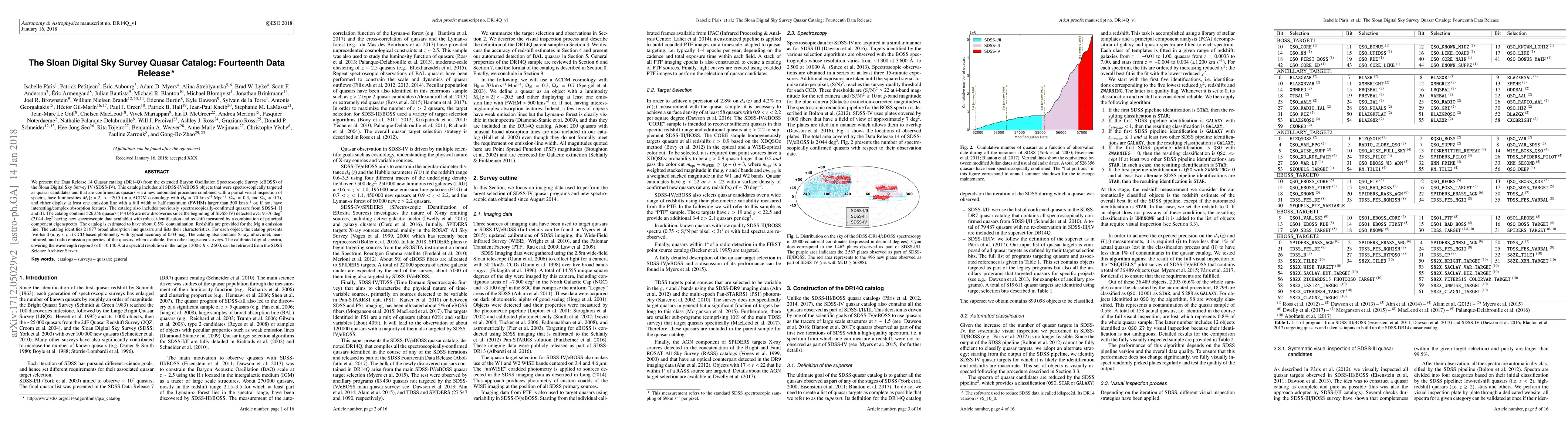 The Sloan Digital Sky Survey's fourteenth data release includes a comprehensive quasar catalog (DR14Q) from the eBOSS survey, featuring 526,356 quasars, of which 144,046 are new discoveries. The catalog provides detailed multi-wavelength properties and robust redshift measurements.
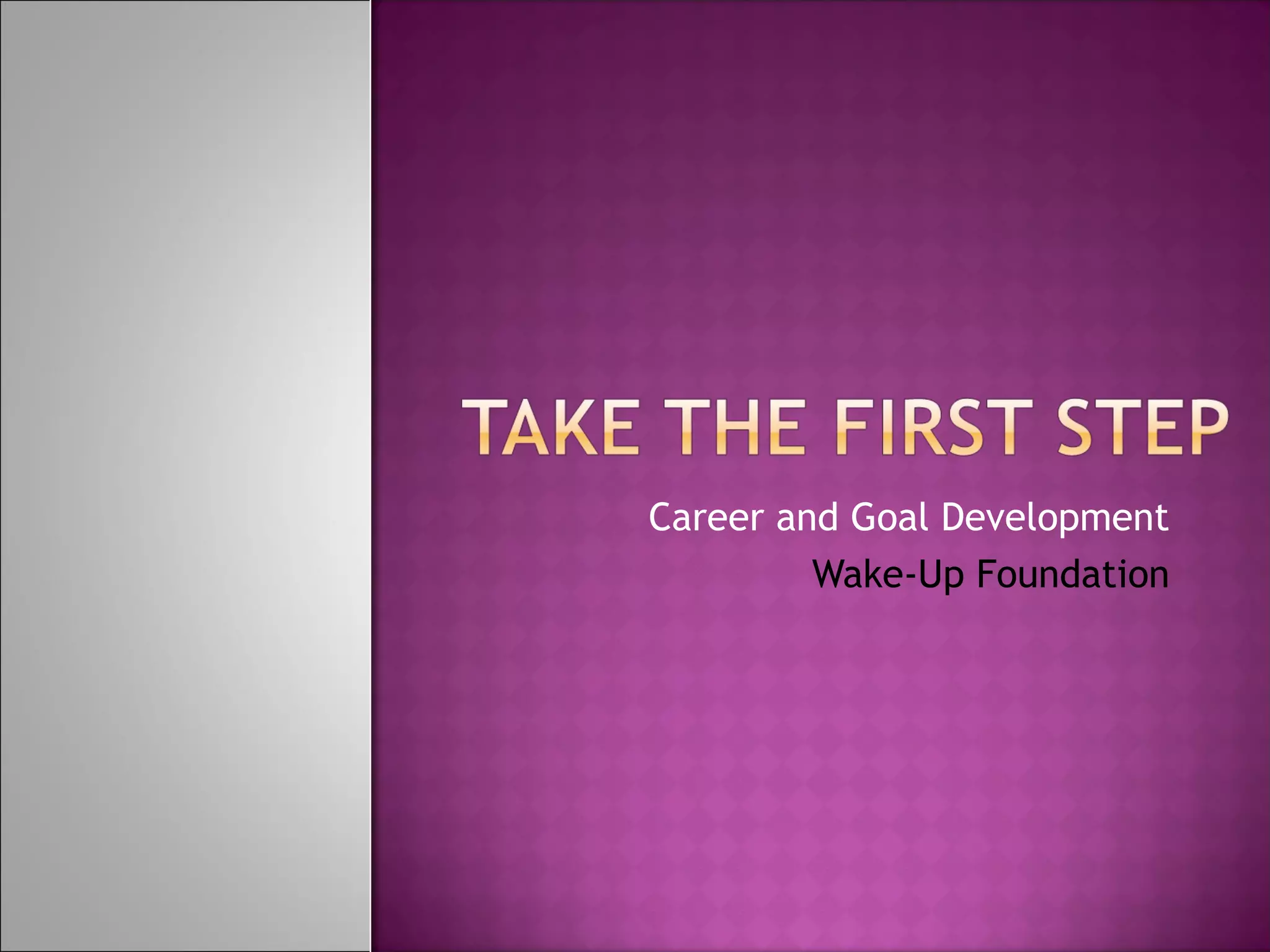 The document discusses the importance of taking the first step towards goals and outlines some key points about goal setting and achievement. It notes that success starts with the first step, which leads to future steps, and that while perfection is impossible, learning to set goals correctly can increase chances of success by helping the brain plan subsequent steps. It recommends taking action instead of waiting for guarantees, as the brain can then understand what is being done and develop follow-up steps accordingly.
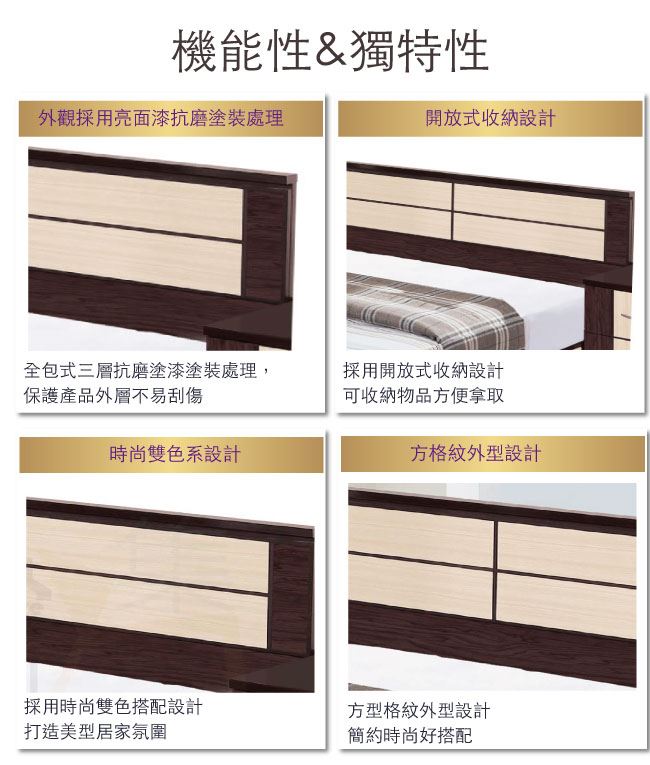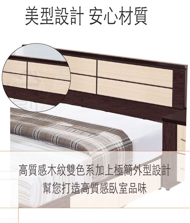 商品介紹 | 【綠家居】 杜亞 環保5尺雙人南亞塑鋼床頭片(不含床底&床墊) 產品採用第一品牌-台製南亞塑鋼舒美板材質,整體材質採用防水+防燃+無甲醛安心塑鋼材質製造 ,防止受潮,增加支撐力,堅固不會塌陷,全由專人配送到家,專業安心服務,替你省下更多時間! 【商品特色】 時尚雙色系設計+安心材質製造,使用放心+搭配居家更便利 防水+防燃+無甲醛安心塑鋼材質,結構牢固耐用,也不用擔心蟲蛀的煩惱,使用放心 產品採用第一品牌-台製南亞塑鋼舒美板材質 此商品不需要DIY組立,此商品為組立後之成品 品質保證、專業設計、貼心服務 全由專人配送到家,專業安心服務,替你省下更多時間 請注意:本公司所販售南亞塑鋼產品為保障消費者權益及維護產品品質的考量,產品皆為接單後生產組裝(配送產品為已組裝完成之半成品),等待週期約10-14天工作天(不含實際配送日期等待天數),請您訂購前務必事先確認是否可以等待,避免引發不必要之消費爭議 ,如有不便之處請見諒! 請注意:本產品因接單後需提前組裝才出貨,外包裝並非裝箱處理,而是採用膠膜作為外包裝保護使用,產品本公司保證皆為全新產品,並非二手產品出貨,另外因塑鋼板材為亮面漆塗裝處理,板材本就容易受粉塵及搬運過程造成輕微刮傷,絕不會影響產品安全結構。 其中以胡桃色系產品因色彩互相對比關係,周邊如有輕微刮傷較稍微明顯,收到產品後如有週邊輕微小刮傷,在不影響產品正面外觀與美觀下,請多包涵並體諒能不吹毛求疵!我們也會做好相關售後服務!謝謝!

┄┄┄┄┄┄

Return the full listing exactly as it appears above, without its pictures.

* [TASK RESPONSE]
 The Sloan Digital Sky Survey's fourteenth data release includes a comprehensive quasar catalog (DR14Q) from the eBOSS survey, featuring 526,356 quasars, of which 144,046 are new discoveries. The catalog provides detailed multi-wavelength properties and robust redshift measurements.
 The document discusses the importance of taking the first step towards goals and outlines some key points about goal setting and achievement. It notes that success starts with the first step, which leads to future steps, and that while perfection is impossible, learning to set goals correctly can increase chances of success by helping the brain plan subsequent steps. It recommends taking action instead of waiting for guarantees, as the brain can then understand what is being done and develop follow-up steps accordingly.
 商品介紹 | 【綠家居】 杜亞 環保5尺雙人南亞塑鋼床頭片(不含床底&床墊) 產品採用第一品牌-台製南亞塑鋼舒美板材質,整體材質採用防水+防燃+無甲醛安心塑鋼材質製造 ,防止受潮,增加支撐力,堅固不會塌陷,全由專人配送到家,專業安心服務,替你省下更多時間! 【商品特色】 時尚雙色系設計+安心材質製造,使用放心+搭配居家更便利 防水+防燃+無甲醛安心塑鋼材質,結構牢固耐用,也不用擔心蟲蛀的煩惱,使用放心 產品採用第一品牌-台製南亞塑鋼舒美板材質 此商品不需要DIY組立,此商品為組立後之成品 品質保證、專業設計、貼心服務 全由專人配送到家,專業安心服務,替你省下更多時間 請注意:本公司所販售南亞塑鋼產品為保障消費者權益及維護產品品質的考量,產品皆為接單後生產組裝(配送產品為已組裝完成之半成品),等待週期約10-14天工作天(不含實際配送日期等待天數),請您訂購前務必事先確認是否可以等待,避免引發不必要之消費爭議 ,如有不便之處請見諒! 請注意:本產品因接單後需提前組裝才出貨,外包裝並非裝箱處理,而是採用膠膜作為外包裝保護使用,產品本公司保證皆為全新產品,並非二手產品出貨,另外因塑鋼板材為亮面漆塗裝處理,板材本就容易受粉塵及搬運過程造成輕微刮傷,絕不會影響產品安全結構。 其中以胡桃色系產品因色彩互相對比關係,周邊如有輕微刮傷較稍微明顯,收到產品後如有週邊輕微小刮傷,在不影響產品正面外觀與美觀下,請多包涵並體諒能不吹毛求疵!我們也會做好相關售後服務!謝謝!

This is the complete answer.